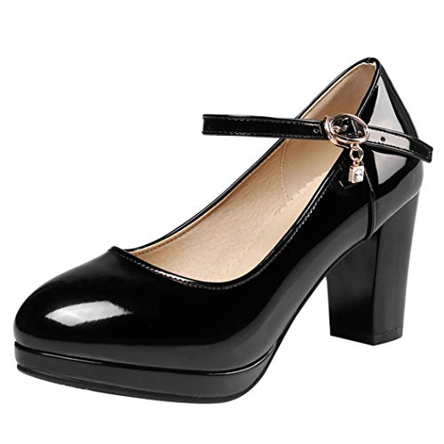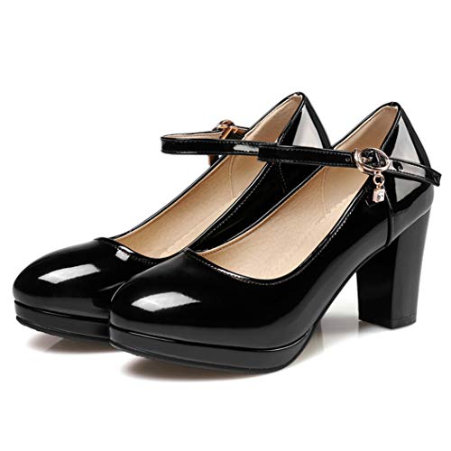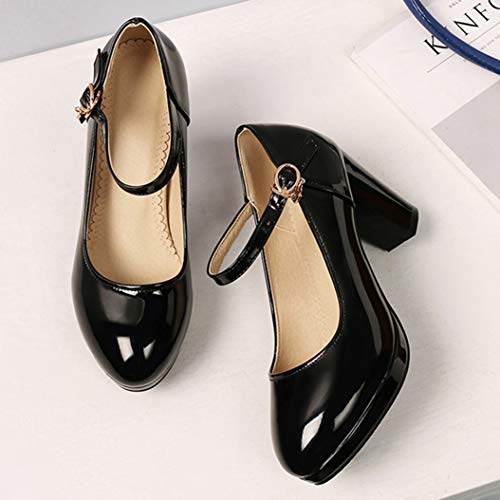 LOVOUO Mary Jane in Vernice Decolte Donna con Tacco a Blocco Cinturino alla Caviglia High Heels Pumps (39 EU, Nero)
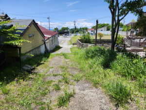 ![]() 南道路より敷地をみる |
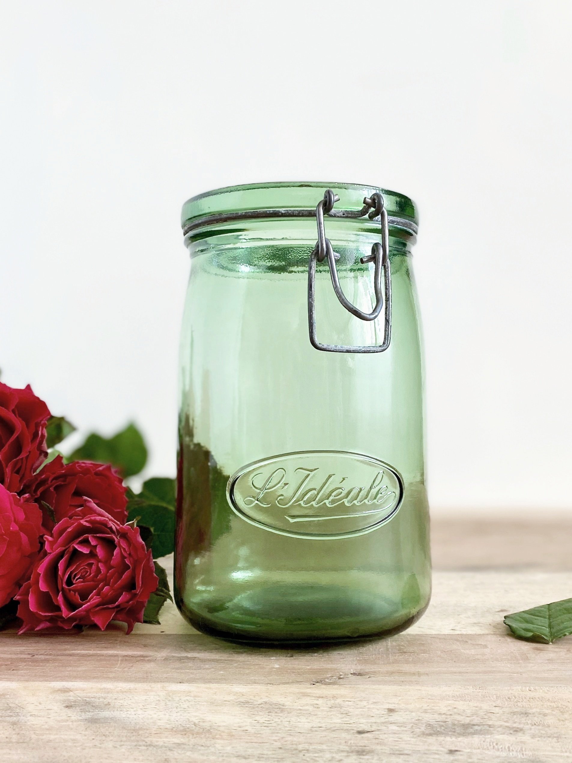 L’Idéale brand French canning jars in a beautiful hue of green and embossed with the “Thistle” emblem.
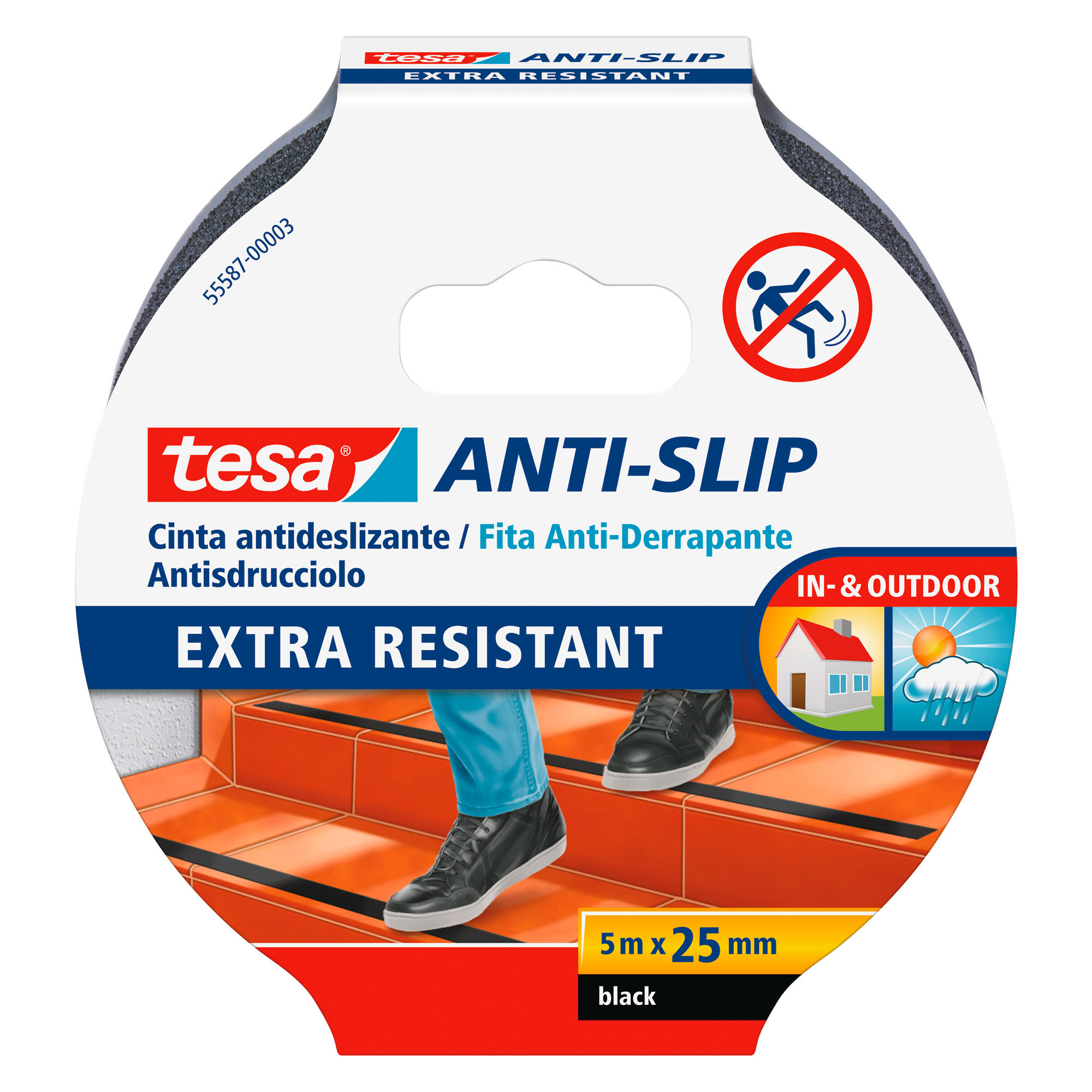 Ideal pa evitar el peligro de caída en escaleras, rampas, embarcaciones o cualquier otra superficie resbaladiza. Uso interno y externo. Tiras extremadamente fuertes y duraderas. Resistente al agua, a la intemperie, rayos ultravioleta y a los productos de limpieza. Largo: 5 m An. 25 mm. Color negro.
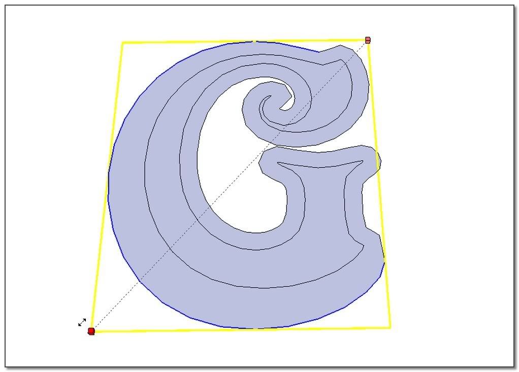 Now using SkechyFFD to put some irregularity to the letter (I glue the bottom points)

========================================

Please write out the lines from the one that holds "Ideal pa evitar" through the end of the material, both ends included, exactly and with no pictures.

 Ideal pa evitar el peligro de caída en escaleras, rampas, embarcaciones o cualquier otra superficie resbaladiza. Uso interno y externo. Tiras extremadamente fuertes y duraderas. Resistente al agua, a la intemperie, rayos ultravioleta y a los productos de limpieza. Largo: 5 m An. 25 mm. Color negro.
 Now using SkechyFFD to put some irregularity to the letter (I glue the bottom points)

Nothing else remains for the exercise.